Dans les statistiques classique et bayésienne, l’objectif est de déduire l’inférence de la valeur d’un paramètre fixe mais inconnu. La différence entre les deux approches réside dans la

façon d’approcher ce but et l’interprétation des résultats.

Le théorème de Bayes est une formule qui montre combien les croyances, exprimées sous forme de distribution de probabilités sont modifiées par de nouvelles informations. « Dans les statistiques classiques, l’interprétation de la valeur du p et l’intervalle de confiance dépend plutôt de formules alambiquées concernant les nombreuses propriétés de la procédure statistique sous les hypothèses nulles » (Spiegelhalter et al., 1999).

L’approche bayésienne est en opposition avec la démarche classique car cette dernière ne tient pas compte des probabilités a priori. Aucune hypothèse alternative n’est considérée.

c) quel outil employer pour la prédiction ?
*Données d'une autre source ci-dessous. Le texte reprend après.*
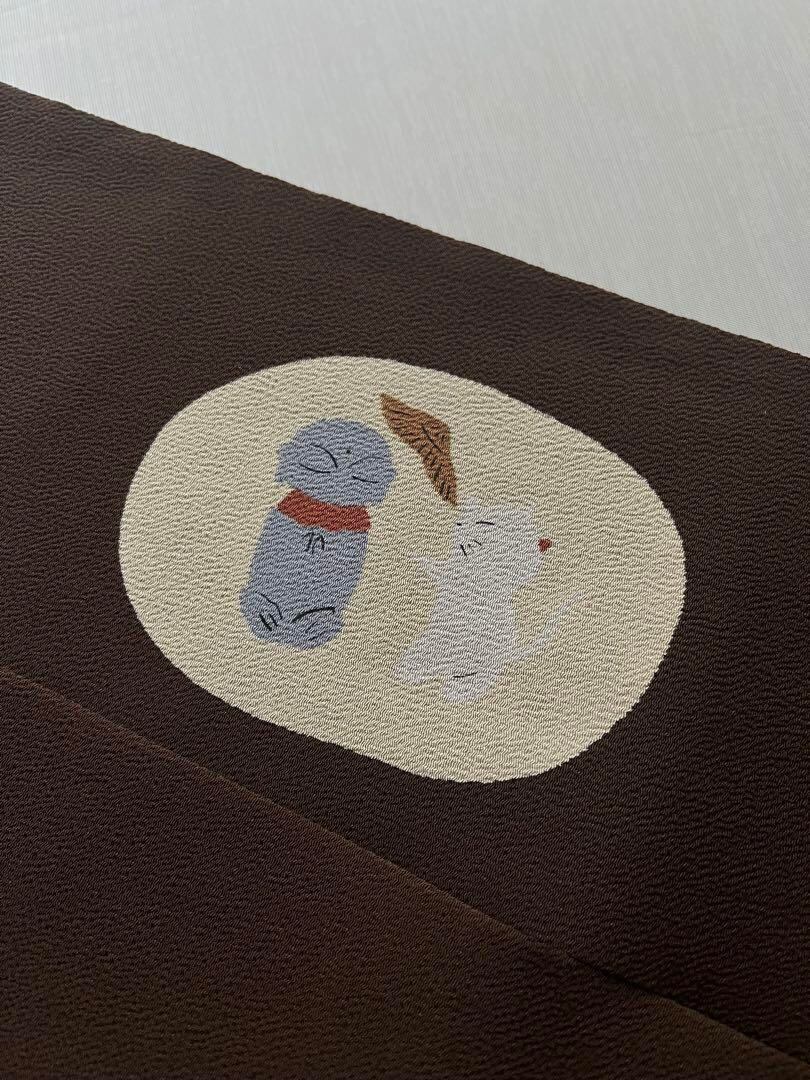 童謡の笠地蔵にねこちゃんが描かれているとても可愛い帯です。

Dans les problèmes de prédiction en anthropologie, il y a deux approches communément utilisées : la vraisemblance maximale et l’approche bayésienne. L’utilisation de l’approche bayésienne en paléoanthropologie sensu stricto est mise en doute (Konisberg et Frankenberg, 1992 ; Konisberg et al., 1998). Elle semble plus appropriée dans le domaine de la Médecine légale dont les cas à étudier viennent de la même population que l’échantillon de référence (Acree, 1999). Il est vrai qu’en paléoanthropologie, nous ignorons si les individus dont nous devons estimer l’âge viennent d’une population dont la distribution est la même que notre échantillon de référence.
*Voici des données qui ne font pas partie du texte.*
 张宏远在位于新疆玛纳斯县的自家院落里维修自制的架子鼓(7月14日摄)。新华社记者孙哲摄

Cependant, il y a une alternative à l’approche bayésienne pour les estimations individuelles : la vraisemblance maximale (Iscan et Boldsen, 1995 ; Konisberg et al., 1998 ; Usher et al.,

2000). La vraisemblance d’un modèle est la probabilité que les observations ou les données calculées adoptent le modèle. Pour tout modèle particulier, plusieurs échantillons différents de données peuvent être obtenus, mais certains ensembles sont plus probables que d’autres. Il est possible de calculer la vraisemblance qui répond à la question : si le modèle est vrai, quel est la chance d’obtenir l’ensemble des données que nous avons collectées ? Si l’on essaie des modèles avec toutes les combinaisons possibles de pente et d’intercept, il est possible de trouver la ligne de régression qui a la vraisemblance maximale de produire l’ensemble des données observées. Cette méthode permet de trouver les valeurs des variables qui ont le plus de chance d’être avérées.

Mais en ce qui concerne l’estimation de l’âge, la question à laquelle nous voulons répondre est la suivante : étant donné la variabilité de l’évolution des indicateurs d’âge, quelle est la chance de classer un individu dans une classe par rapport à une autre et compte tenu d’une distribution par âge bien précise ? L’approche bayésienne est donc plus appropriée, car nous ne voulons pas seulement une prédiction, nous voulons aussi une mesure de l’incertitude. Avec la vraisemblance maximale, nous pourrions accepter un modèle car il correspond aux données collectées, mais nous ne pourrions pas savoir s’il est vrai.